2) "Techno Pop" -- Are they the ones who coined this term? Pascal Bussy, in his book about Kraftwerk, seems to think so. This infectious track, which is 7:42 in length, features a blistering groove, smoking bass licks, and keyboard hits that crept into the hip-hop world. You'll be surprised at what you recognize as being "borrowed" by hip-hop acts.
3) "Musique Non Stop" clocks in at 5:42 and features a rarity: a female computer voice. This was in tribute to the young lady who generated the computer images of their faces that they use in concert (still, to this day) and on the cover of the disc. They told her (paraphrasing here) "You made computer images of four men, so we made a computer image of a woman's voice." Source: Pascal Bussy, _Kraftwerk: Man and Machine_.
4) "The Telephone Call" -- This is my favorite song on the album. I cannot express how beautiful this song is. Great tune, great beat, inventive approach to the use of telephone blips and messages, wonderful words. Get the disc for this tremendous song, alone!
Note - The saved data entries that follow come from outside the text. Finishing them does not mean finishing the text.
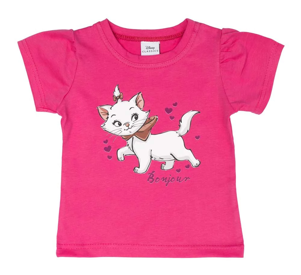 Rövid ujjú kislány póló Marie cica mintával Eredeti Disney termék Rövid ujjú kislány póló enyhén rugalmas pamut anyagból. Praktikus alapdarabja kislányunk ruhatárának, amit nadrággal, szoknyával is viselhet. Az elején aranyos Marie cica mintával nyomva, ami garantálja, hogy kislányunk is szeretni fogja. Minőségi, könnyen kezelhető, szín- és formatartó anyagból készült. Minőségi magyar termék Anyaga: 100% pamut, Minőség: I. osztály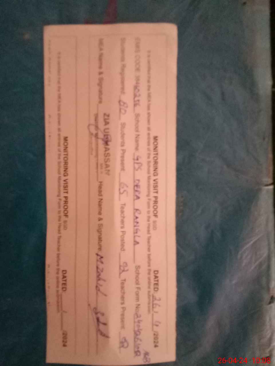 | Attendance Register | Head Teacher | MEA with School | Visit Proof |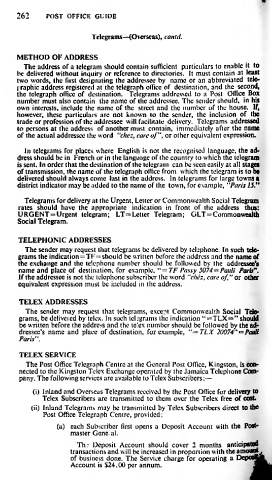 the telegraph office of destination. Telegrams addressed to a Post Office Box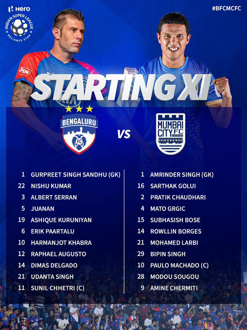 ഐഎസ്എൽ: ബംഗളൂരു എഫ്സി മുംബൈ എഫ് സി ടീമുകളുടെ സ്റ്റാർട്ടിങ് ഇലവനെ പ്രഖ്യാപിച്ചു

5) "Sex Object" is perhaps one of the most odd songs in the Kraftwerk ouvre. "I don't want to be your sex object, show some feeling and respect." This just doesn't seem like the typical Kraftwerk song or even subject matter. Some devotees might be offended that Kraftwerk wrote a song that is so emotional and personal, but, personally, I enjoy the iconoclastic nature of this one. The almost orchestral approach to the writing, along with the offbeat subject matter, makes this song intriguing.
6) "Electric Cafe" serves as the coda to this album. Hey, if we have an overture, we gotta have a coda, right? This one features a melody that is obviously reminiscent of "Trans Europe Express," perhaps as a nod to old school fans? While, in my opinion, not the strongest track on the album, it does serve well as a summation.
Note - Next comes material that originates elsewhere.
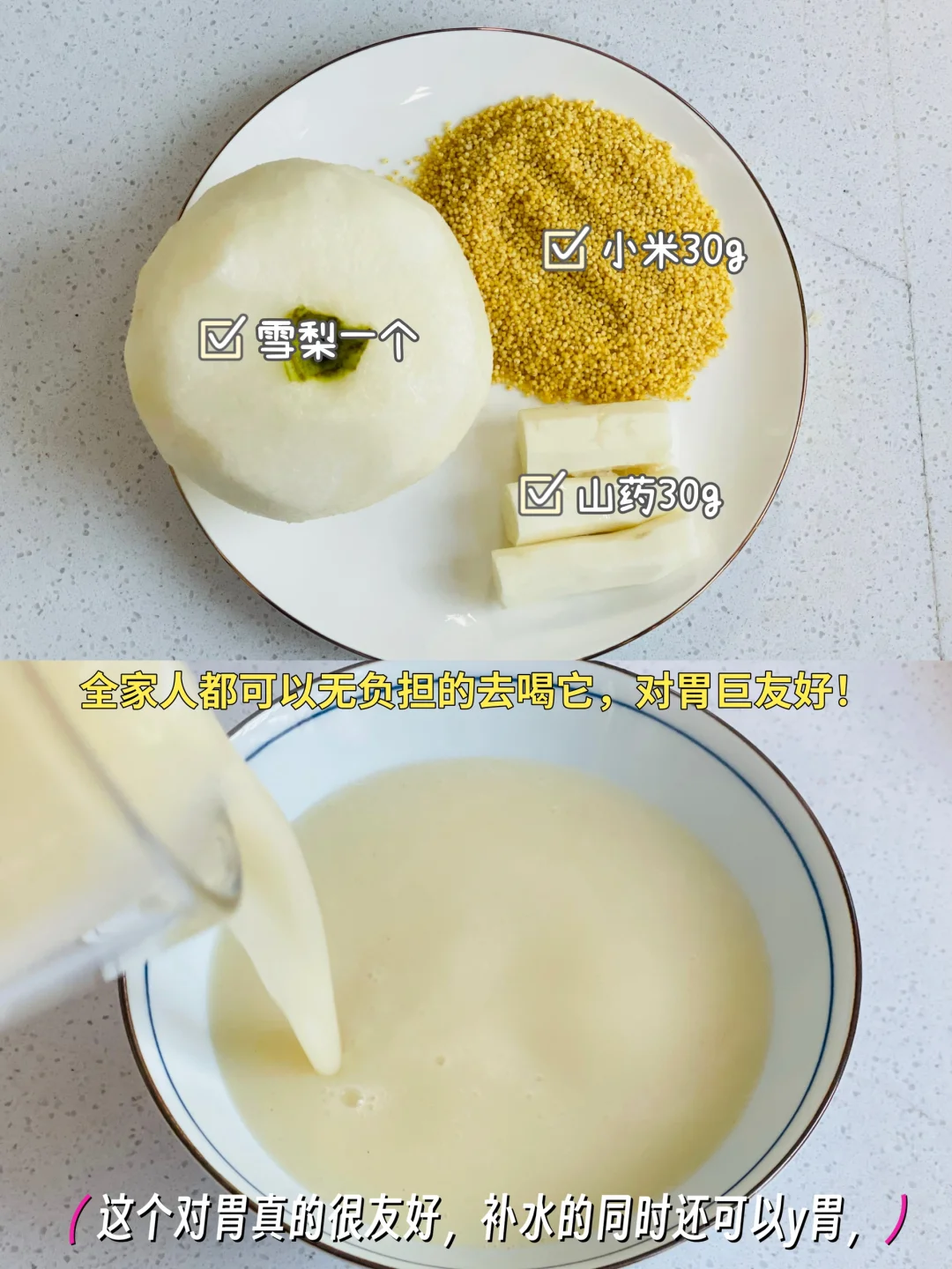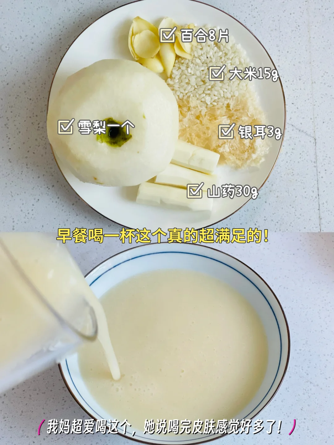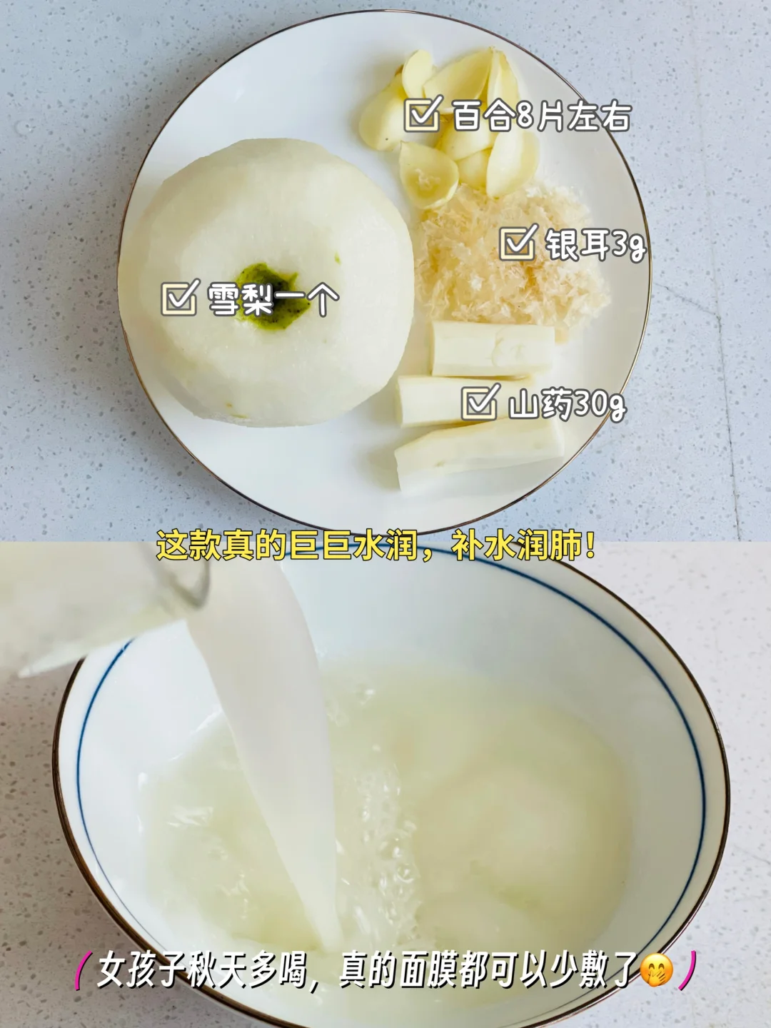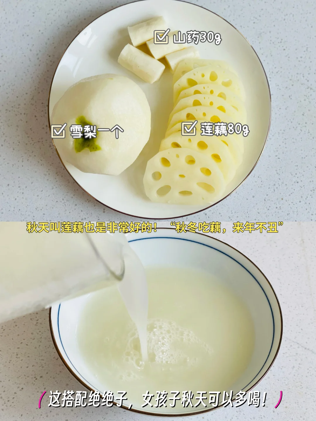 3️⃣雪梨🍐一个➕莲藕80g➕山药30g

In summary, Kraftwerk fans seem divided on this album. This one features more concise, less sprawling compositions that some of their earlier works and that sense of accessibility can divide the purists out there. I, however, love the more "pop" sensibility of this album and I think anyone who loves electronic music will enjoy this one. As a matter of fact, I would recommend anyone new to Kraftwerk to start out with this one, then move to ComputerWorld. Enjoy!"
Boom Boing Chuck
Tim Brough | Springfield, PA United States | 04/09/2008
(4 out of 5 stars)
"The last Kraftwerk album of the 20th Century was looked on rather softly at the time. After all, it was almost five years since the boundary shattering "Computer World." Hip-hop was already starting to find electronic sampling as a source of inspiration, and suddenly, those ideas seemed a bit old hat. However, I have always considered the original side one of this album to be a masterwork of electronic music, on a par with Kraftwerk's "Trans-Europe Express" or even "Autobahn."
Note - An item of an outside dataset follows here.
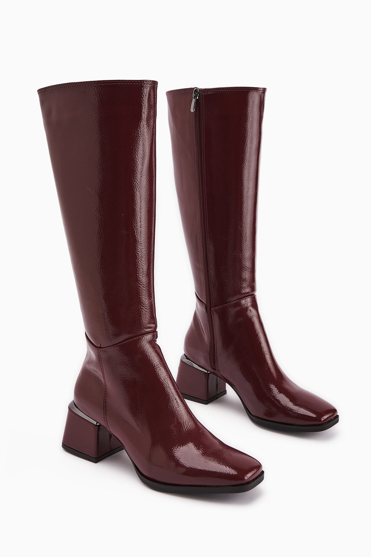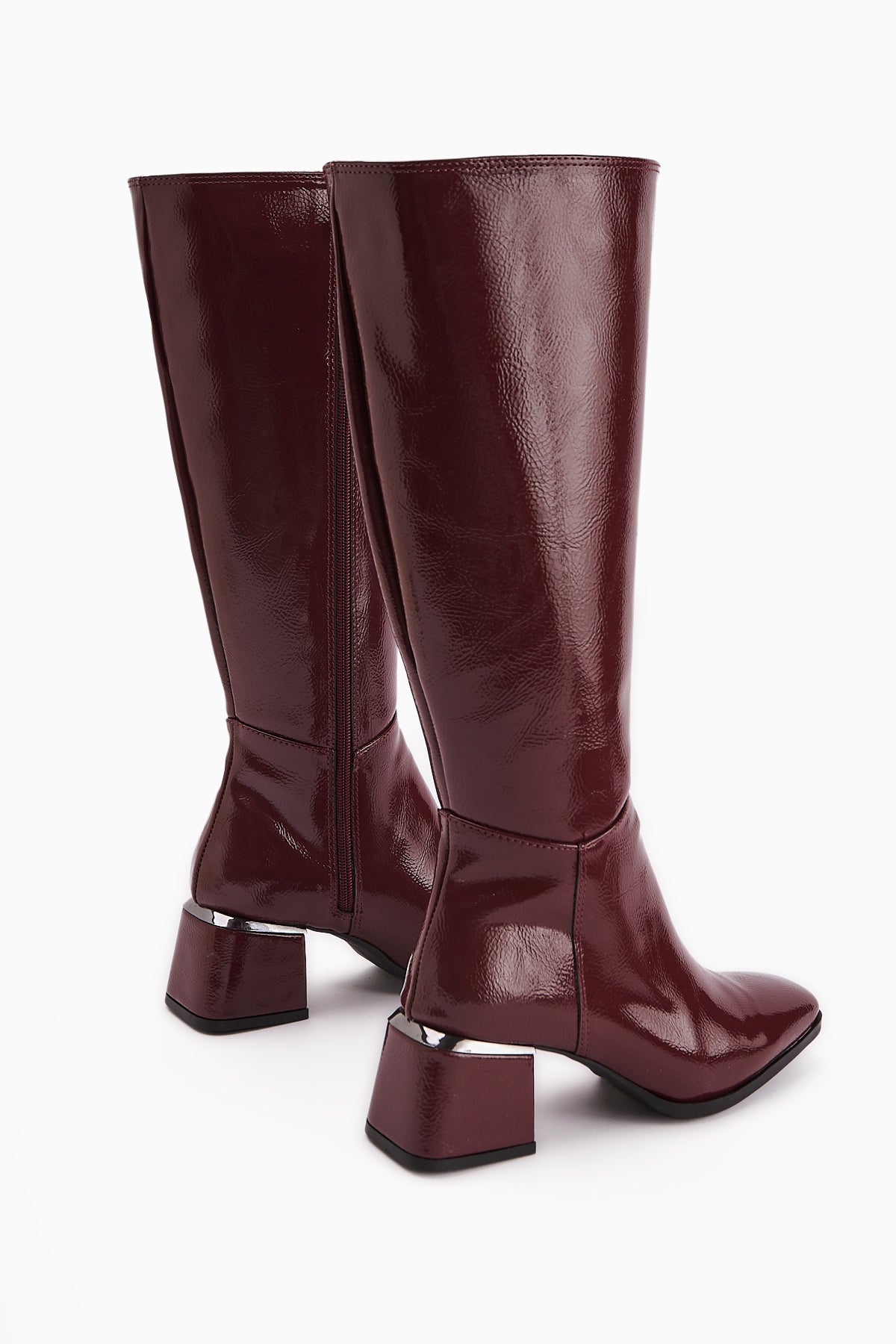 Miami Bordo Kırışık Rugan Küt Burunlu Çizme

Those first three pieces, "Boing Boom Tschak," "Tecno Pop" and "Musique Non Stop," formed a perfectly building suite of the machines that make the music, building from the elemental three words to the final explanation of purpose. "Boing Boom Tschak" (pronounced 'chuck') set out everything that Kraftwerk considers musical in three simple words. The electronic percussion begins to layer underneath and "Techno Pop" is born. Finally, "synthetic electronic sounds, industrial rhythms all around" wrap it all up. It is as close to a summation of electronica as has ever been recorded, and I love "Electric Cafe" because of it.
The other half of the CD is pedestrian by comparison. Where before Kraftwerk would lay down electronically altered robot-voices, this time much of the work is sampled. "The Telephone Call" was a minor dance hit, but it seems less groundbreaking and more of the times. Same with "Sex Object," which seems like the aftermath of "Computer Love" - "you turn me on, then you forget." The CD comes to a satisfying conclusion with the title track, a chill piece. Little did we know that it was the last we would hear from them till 2006 and the "Tour de France Soundtracks." Fortunately, the art on the front may be the only thing on the album that's dated. "Electric Cafe" has really gathered luster over the years."